Paul recalled a trip to Mayaro on the coast, taken the previous year during Carnival to escape the noise and general debauchery of the season in Port of Spain. His daddy, Clyde, was in a good mood on the drive, heading to the place where he grew up, near the beach. Since his wife, Joy had stayed behind to help someone with a new baby, Clyde was free to sit out during the evenings with the men having a little drink. The men told stories about the mischief Clyde used to get into when he was little. At sunset when the fishermen came in, they all gathered at the beach to help pull in the seine, and the Paul and Peter ran with the other children to catch the little fish that had gotten caught, throwing them back into the water. Paul had such a fine time, he hoped they could go back to Mayaro for Carnival this year.

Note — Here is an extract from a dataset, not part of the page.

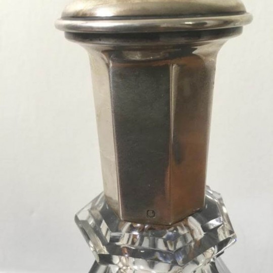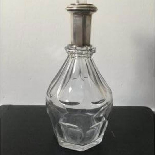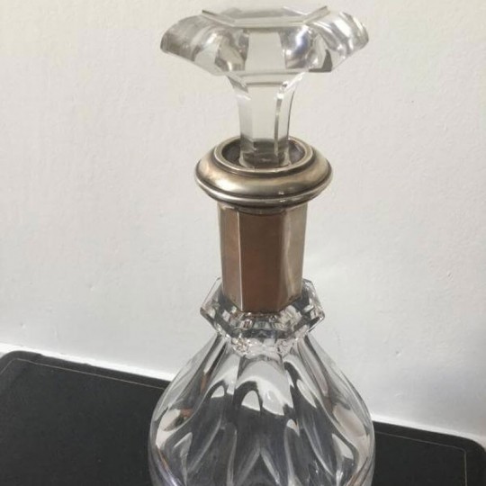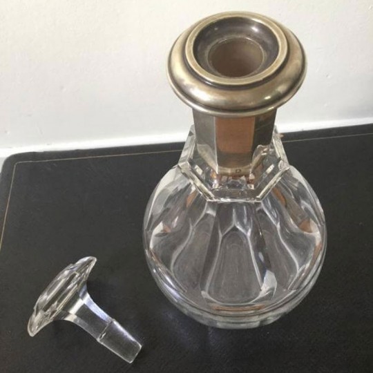 Jolie carafe en cristal de baccarat, modèle Harcourt, cerclage en argent massif, poinçon minerve 1er titre, orfèvre Lagriffoul & Laval (L&L + 3 étoiles)

mayaro-beach-trinidad-nadia-sanowar
Photo from imagesfineartamerica.com

THE FOOD:

When the story begins, Clyde has just arrived home from a long day at work to find that Paul has not yet come home, and there’s been no water in the house since around lunchtime, leaving the sink filled with dirty dishes and an army of flies buzzing around. Since Joy couldn’t cook the curry she had planned to make Clyde had some eggplant with garlic and onions, a roti from the freezer and some cucumber salad.

Spicy Cucumber Salad
Yield: 2 servings

1 cucumber cut into thin slices (use any kind you like, peeled or not)
2 garlic cloves crushed
1 scallion sliced thin
1 hot pepper seeded, thinly sliced (Habanero or Scotch Bonnet)
10 cherry tomatoes, sliced in half
Pinch of sea salt
Pinch of freshly ground pepper
1 T olive oil
Juice of 1 – 2 limes
1 T cilantro to garnish

Place the cucumber slices in a large bowl with the garlic, scallion, hot pepper and cherry tomatoes. Add salt, pepper, olive oil and lime juice. Gently mix well. Store in refrigerator until serving time.

Bring to room temperature and serve.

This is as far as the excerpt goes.